Бряцанье обнаженных шпаг, отрывистый приказ – и кони, подгоняемые уколами шпор, устремились в атаку. Внезапно раздалось зловещее уханье совы. Пламя факела осветило неровности скалы, и залп пятнадцати мушкетов с грохотом прокатился по ущелью, прижимая к земле три ряда атакующих солдат. Гонзага едва не зарычал от ярости. Испуганный интендант побелел как саван. Легкий, словно косуля, молодой цыган в несколько прыжков очутился возле маркиза.
– Атакуйте! – закричал он тому. – И ничего не бойтесь: на вашей стороне пятнадцать мушкетов, а после победы вас ожидают радость и счастье! Вперед!
– Вперед! – повторил Шаверни.
Он и фехтмейстеры пришпорили своих коней – и вдруг заметили трех женщин, которые невесть откуда возникли рядом с ними. Одна из них размахивала факелом, который держала в исхудалой руке; ее седые волосы трепал ветер, а ее беззубый рот изрыгал проклятия и угрозы.

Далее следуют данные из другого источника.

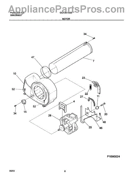 The Motor is an OEM part for Frigidaire dryers. It is responsible for driving the drum rotation in the dryer, allowing for the tumbling and drying of clothes. It converts electrical energy into mechanical motion, providing the necessary power to spin the drum and circulate air for efficient drying.

Мабель, старая колдунья, дочь бродяг, преобразилась: теперь она походила на богиню мщения, призывающую к беспощадной войне.
– Огонь, кровь и смерть! – вопила она. – Проклятие убийце! Смелее, пускай никто из врагов не ускользнет!.. Нынче вечером цыгане выпьют вина из черепов злодеев; сегодня день возмездия и радости!..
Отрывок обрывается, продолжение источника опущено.